Hexo Corp. said Tuesday it plans to shutter three indoor production facilities it acquired from recent takeover deals in a move it expects to help the cannabis company become profitable.
Hexo said it will shut down facilities it operated in Kirkland Lake, Ont. Brantford, Ont. and Stellarton, N.S. in early 2022 as they were deemed to not be material to the company's integrated operations.
The closures will affect 155 staff - roughly 13 per cent of its total employee count - and it will assist those impacted with relocation to other in-house facilities, the company said in a statement. As well, a company spokesperson told BNN Bloomberg in an emailed statement Hexo will now exceed the $35 million in synergies it originally forecast it would make through its acquistions of three pot producers earlier this year.

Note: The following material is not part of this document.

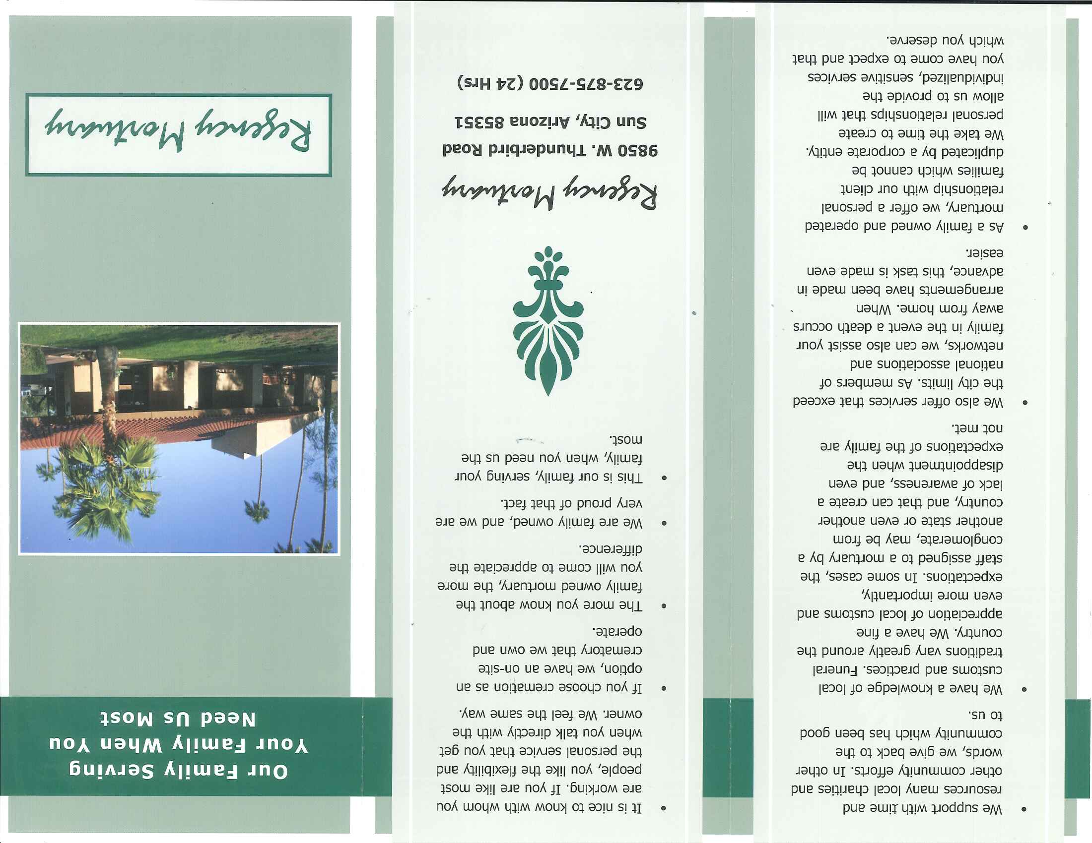We need to have a tri-fold brochure designed for our mortuary. The name of the mortuary is Regency Mortuary. The purpose of this brochure is to give consumers and decision makers an easy glimpse into our business.

"As part of the integration planning process, we completed a comprehensive evaluation of all Hexo facilities to review their capabilities, capacity, and efficiency, and made the decision to centralize operations at our core facilities," said Scott Cooper, president and chief executive officer of Hexo, in a statement.
"This decision is key to achieving our immediate priority of integrating our recent acquisitions to drive growth and profitability through the commercialization of cannabis consumer packaged goods products."
With the announcement Tuesday, Hexo is closing both of the Ontario facilities it acquired from 48North Cannabis Corp. back in May, leaving only a handful of brands remaining from its deal to buy the company for about $50 million.
Hexo acquired its Nova Scotia facility from its Zenabis Global Inc. deal alongside two large indoor facilities in New Brunswick and British Columbia that it still intends to operate.
The closures come a week after Hexo announced its fourth-quarter results that disclosed a going concern about its looming debt load. The company said there is an "ongoing concern with its senior secured convertible notes" issued in May that helped raise US$327.6 million prior to the closing of its deal to buy Redecan Pharm but used the company's assets as collateral to obtain that financing.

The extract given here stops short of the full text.